Assignment
Look for the word "using" in the material below, then report each line where it occurs.

/---

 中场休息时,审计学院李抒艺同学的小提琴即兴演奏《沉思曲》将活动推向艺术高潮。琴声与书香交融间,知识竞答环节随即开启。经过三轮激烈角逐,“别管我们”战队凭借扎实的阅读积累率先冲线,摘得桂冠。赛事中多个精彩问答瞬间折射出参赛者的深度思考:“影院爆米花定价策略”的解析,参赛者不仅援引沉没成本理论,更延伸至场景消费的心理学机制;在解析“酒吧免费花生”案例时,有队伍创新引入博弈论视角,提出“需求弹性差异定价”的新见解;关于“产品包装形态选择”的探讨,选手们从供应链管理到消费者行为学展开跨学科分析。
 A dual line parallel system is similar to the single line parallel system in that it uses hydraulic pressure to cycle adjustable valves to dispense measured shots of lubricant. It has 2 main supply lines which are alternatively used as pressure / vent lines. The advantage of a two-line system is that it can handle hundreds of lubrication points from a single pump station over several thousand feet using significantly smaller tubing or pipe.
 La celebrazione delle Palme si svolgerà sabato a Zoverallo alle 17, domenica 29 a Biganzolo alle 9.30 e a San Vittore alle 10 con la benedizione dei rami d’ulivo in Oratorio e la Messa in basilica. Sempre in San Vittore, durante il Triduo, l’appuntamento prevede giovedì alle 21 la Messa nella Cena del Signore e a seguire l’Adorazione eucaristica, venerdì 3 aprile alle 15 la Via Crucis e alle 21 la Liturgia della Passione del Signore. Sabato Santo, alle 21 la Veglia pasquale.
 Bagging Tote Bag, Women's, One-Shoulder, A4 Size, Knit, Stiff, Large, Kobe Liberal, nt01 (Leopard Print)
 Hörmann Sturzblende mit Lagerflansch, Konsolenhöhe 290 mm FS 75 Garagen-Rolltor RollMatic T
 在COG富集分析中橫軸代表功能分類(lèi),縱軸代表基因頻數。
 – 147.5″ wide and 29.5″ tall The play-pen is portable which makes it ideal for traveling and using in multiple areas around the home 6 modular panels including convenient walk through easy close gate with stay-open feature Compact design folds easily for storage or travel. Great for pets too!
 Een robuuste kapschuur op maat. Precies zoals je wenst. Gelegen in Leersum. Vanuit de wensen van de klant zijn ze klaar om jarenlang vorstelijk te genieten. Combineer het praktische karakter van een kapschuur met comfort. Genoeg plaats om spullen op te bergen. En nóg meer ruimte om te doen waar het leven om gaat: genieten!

\---

Answer to the problem
 A dual line parallel system is similar to the single line parallel system in that it uses hydraulic pressure to cycle adjustable valves to dispense measured shots of lubricant. It has 2 main supply lines which are alternatively used as pressure / vent lines. The advantage of a two-line system is that it can handle hundreds of lubrication points from a single pump station over several thousand feet using significantly smaller tubing or pipe.
 – 147.5″ wide and 29.5″ tall The play-pen is portable which makes it ideal for traveling and using in multiple areas around the home 6 modular panels including convenient walk through easy close gate with stay-open feature Compact design folds easily for storage or travel. Great for pets too!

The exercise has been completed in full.